* [Exercise aim]: Everything in the listing below must be set down again exactly, apart from the pictures.

* [Source data]:

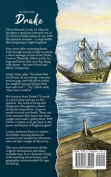 Oliver Barrett is only 12 when he becomes a musician onboard one of Sir Francis Drake's ships at war with the Spanish Armada - a large battle fleet preparing to fight England. Four years after returning home with enough money to buy an estate a short message arrives from Drake. Come to Plymouth. Oliver packs his bags and leaves that very day along with James - his best friend and fellow companion. James' sister asks: "You mean that you'll leave all you care for, even your precious pigs, and ride off on a horse too small for you just because that man calls you?"... "Yes," Oliver said, "that's how it will be." His mission from Drake? To work in a print shop and spy on the Spanish. The work is tiring and dangerous. Recognition means facing the Inquisition. Capture means torture and death. There are even rumours that James has been caught and made a galley slave. Will Oliver or James ever get back to the peace and beauty of England again? Louise Andrews Kent is a master storyteller, weaving historical accuracy and immersive adventure into one epic voyage of discovery. This new edition features all the original illustrations and clean, readable text. It is a fantastic living book teaching about history and geography, recommended for ages 10 and up.
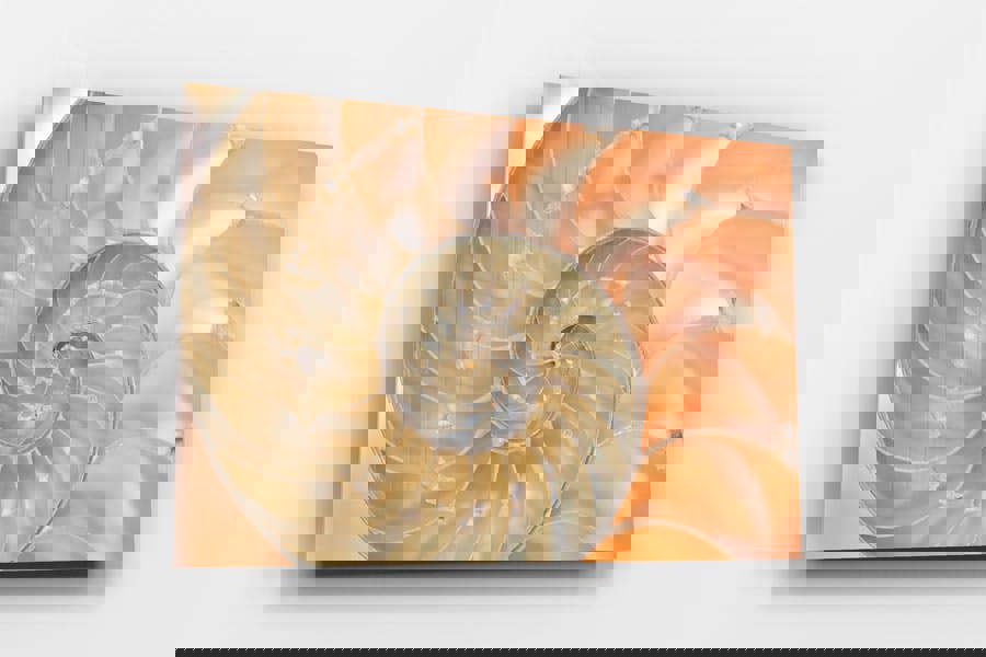 Captured in high resolution, the intricate spirals of the Nautilus shell follow the Fibonacci sequence, a naturally occurring mathematical ratio found throughout nature and revered in art and design. This striking shell artwork brings together science, art, and beauty in a way that is both calming and intellectually fascinating.
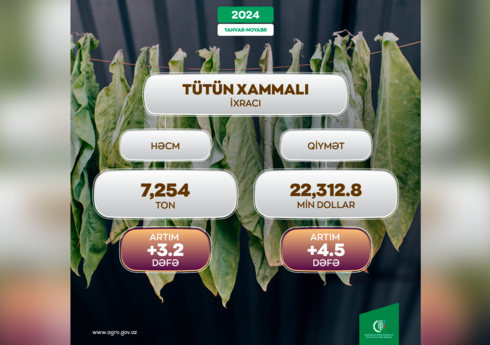 Ötən ilin müvafiq dövrü ilə müqayisədə tütün xammalı ixracında 3,2 dəfə, satılmış məhsulun dəyərində isə 4,5 dəfə artım qeydə alınıb.
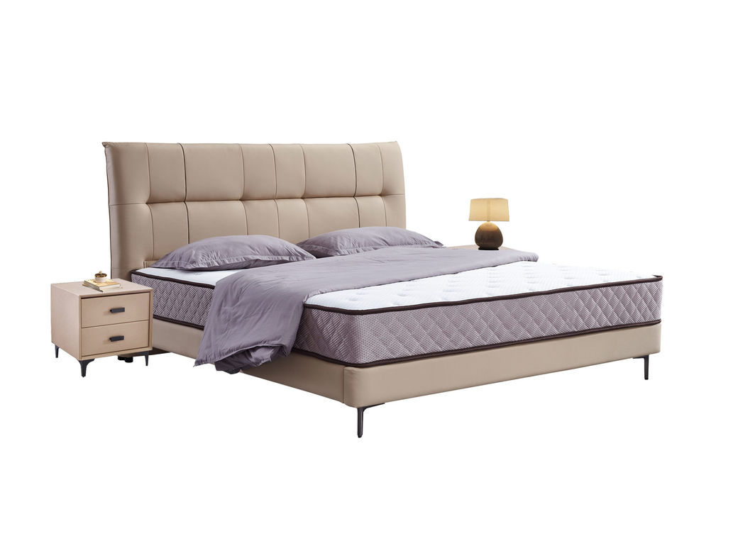 【套餐专享价】每屋优享系列 现代简约 实木内架+高回弹海绵+钢木排骨架+接触面头层真皮 1.8米床+床头柜*2

* [Completed task]:
 Oliver Barrett is only 12 when he becomes a musician onboard one of Sir Francis Drake's ships at war with the Spanish Armada - a large battle fleet preparing to fight England. Four years after returning home with enough money to buy an estate a short message arrives from Drake. Come to Plymouth. Oliver packs his bags and leaves that very day along with James - his best friend and fellow companion. James' sister asks: "You mean that you'll leave all you care for, even your precious pigs, and ride off on a horse too small for you just because that man calls you?"... "Yes," Oliver said, "that's how it will be." His mission from Drake? To work in a print shop and spy on the Spanish. The work is tiring and dangerous. Recognition means facing the Inquisition. Capture means torture and death. There are even rumours that James has been caught and made a galley slave. Will Oliver or James ever get back to the peace and beauty of England again? Louise Andrews Kent is a master storyteller, weaving historical accuracy and immersive adventure into one epic voyage of discovery. This new edition features all the original illustrations and clean, readable text. It is a fantastic living book teaching about history and geography, recommended for ages 10 and up.
 Captured in high resolution, the intricate spirals of the Nautilus shell follow the Fibonacci sequence, a naturally occurring mathematical ratio found throughout nature and revered in art and design. This striking shell artwork brings together science, art, and beauty in a way that is both calming and intellectually fascinating.
 Ötən ilin müvafiq dövrü ilə müqayisədə tütün xammalı ixracında 3,2 dəfə, satılmış məhsulun dəyərində isə 4,5 dəfə artım qeydə alınıb.
 【套餐专享价】每屋优享系列 现代简约 实木内架+高回弹海绵+钢木排骨架+接触面头层真皮 1.8米床+床头柜*2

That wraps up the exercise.